● WORK ITEM
Would you reproduce each line below exactly, leaving every picture out?

● COLLECTED MATERIAL
- Opening Delimiter -

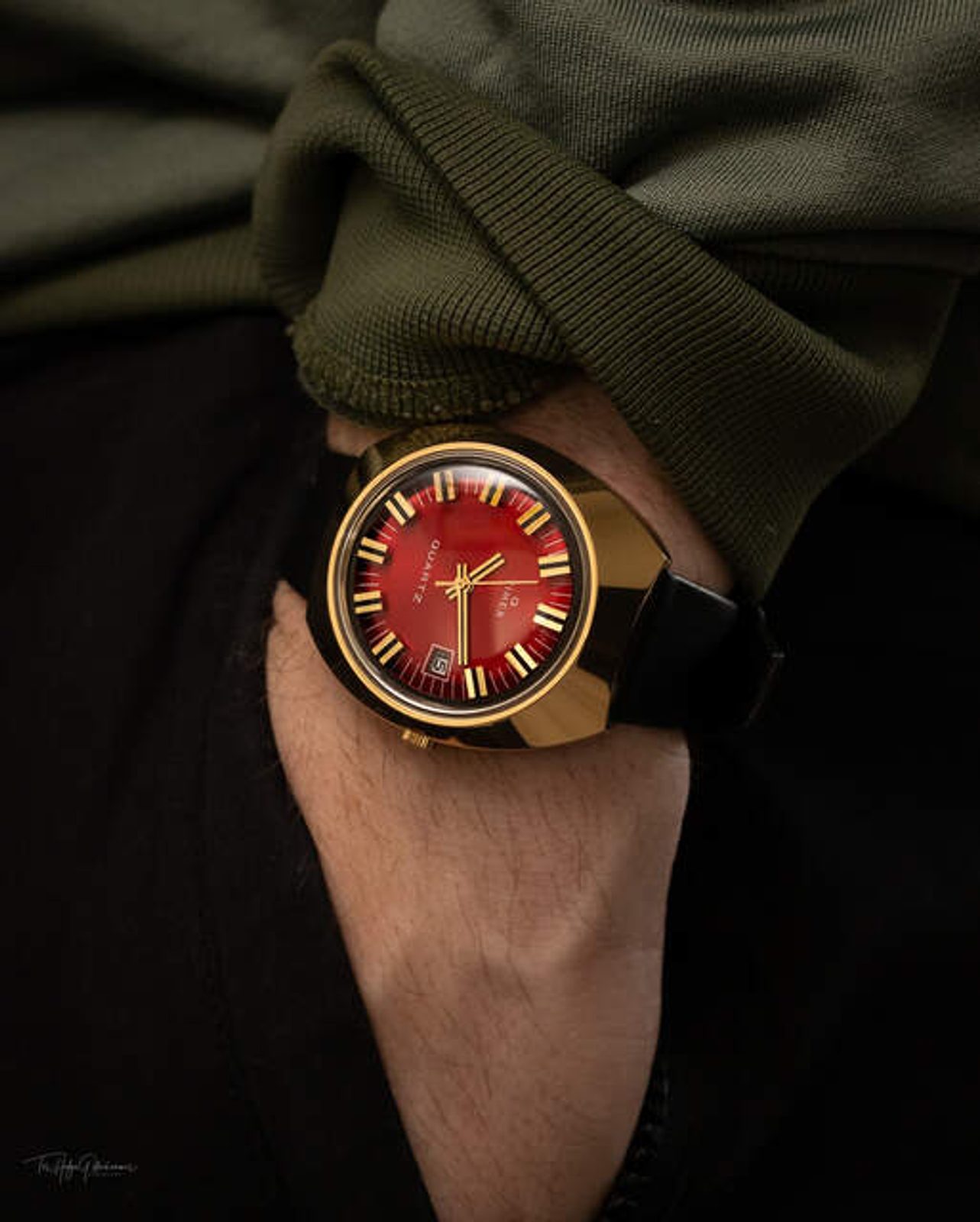 V oceľovom puzdre s priemerom 39 mm a leštenou zlatou povrchovou úpravou sa nachádza bordový ciferník, ktorý slúži ako pozadie pre výrazné ručičky a indexy v retro štýle. Model je vybavený vkusne zakomponovaným okienkom s dátumovkou umiestneným na pozícii 3 hodín. Všetko chráni akrylové sklo.
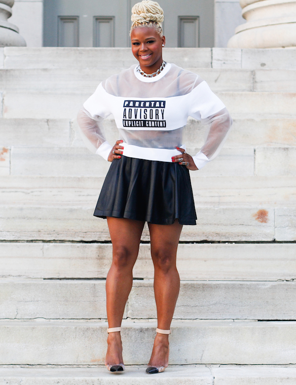 Gotta admit: I totally fell in love with Alexander Wang’s Spring 2014 “Parental Advisory” sweatshirt when I first saw Khloe Kardashian wearing it! And I thought it’d be fun to wear on 106 & Park, since it’s a show all about music. So I splurged!
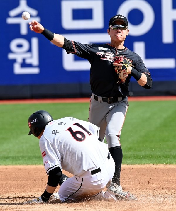13일 경기도 수원 kt위즈파크에서 ‘2020 신한은행 SOL KBO리그’ kt 위즈와 한화 이글스의 경기가 열렸다. 2회말 무사 1, 2루에서 kt 박경수의 내야 땅볼 때 한화 강경학이 1루 주자 유한준을 2루에서 포스 아웃시킨 뒤 1루로 송구하고 있다.
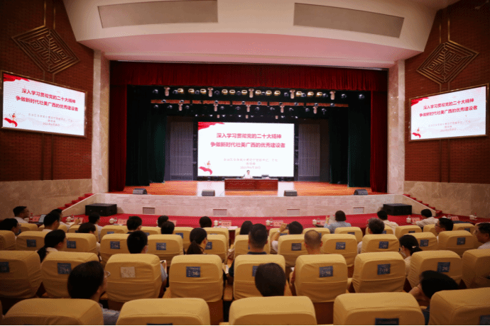 廣西建院6月30日訊(文/黨委宣傳部 陳熙 圖/黨委宣傳部 記者團(tuán) 楊貴維)為進(jìn)一步加強(qiáng)我校思想政治教育工作,不斷推動(dòng)學(xué)校事業(yè)高質(zhì)量發(fā)展,6月30日下午,自治區(qū)住房城鄉(xiāng)建設(shè)廳黨組書記、廳長(zhǎng)楊綠峰蒞臨我校,以《深入學(xué)習(xí)貫徹黨的二十大精神 爭(zhēng)做新時(shí)代壯美廣西的優(yōu)秀建設(shè)者》為題給在校師生上了一堂內(nèi)容豐富的思想政治教育課。講座由學(xué)校黨委書記劉曉紅主持。

- Closing Delimiter -

● ANSWER TO THIS TASK
 V oceľovom puzdre s priemerom 39 mm a leštenou zlatou povrchovou úpravou sa nachádza bordový ciferník, ktorý slúži ako pozadie pre výrazné ručičky a indexy v retro štýle. Model je vybavený vkusne zakomponovaným okienkom s dátumovkou umiestneným na pozícii 3 hodín. Všetko chráni akrylové sklo.
 Gotta admit: I totally fell in love with Alexander Wang’s Spring 2014 “Parental Advisory” sweatshirt when I first saw Khloe Kardashian wearing it! And I thought it’d be fun to wear on 106 & Park, since it’s a show all about music. So I splurged!
13일 경기도 수원 kt위즈파크에서 ‘2020 신한은행 SOL KBO리그’ kt 위즈와 한화 이글스의 경기가 열렸다. 2회말 무사 1, 2루에서 kt 박경수의 내야 땅볼 때 한화 강경학이 1루 주자 유한준을 2루에서 포스 아웃시킨 뒤 1루로 송구하고 있다.
 廣西建院6月30日訊(文/黨委宣傳部 陳熙 圖/黨委宣傳部 記者團(tuán) 楊貴維)為進(jìn)一步加強(qiáng)我校思想政治教育工作,不斷推動(dòng)學(xué)校事業(yè)高質(zhì)量發(fā)展,6月30日下午,自治區(qū)住房城鄉(xiāng)建設(shè)廳黨組書記、廳長(zhǎng)楊綠峰蒞臨我校,以《深入學(xué)習(xí)貫徹黨的二十大精神 爭(zhēng)做新時(shí)代壯美廣西的優(yōu)秀建設(shè)者》為題給在校師生上了一堂內(nèi)容豐富的思想政治教育課。講座由學(xué)校黨委書記劉曉紅主持。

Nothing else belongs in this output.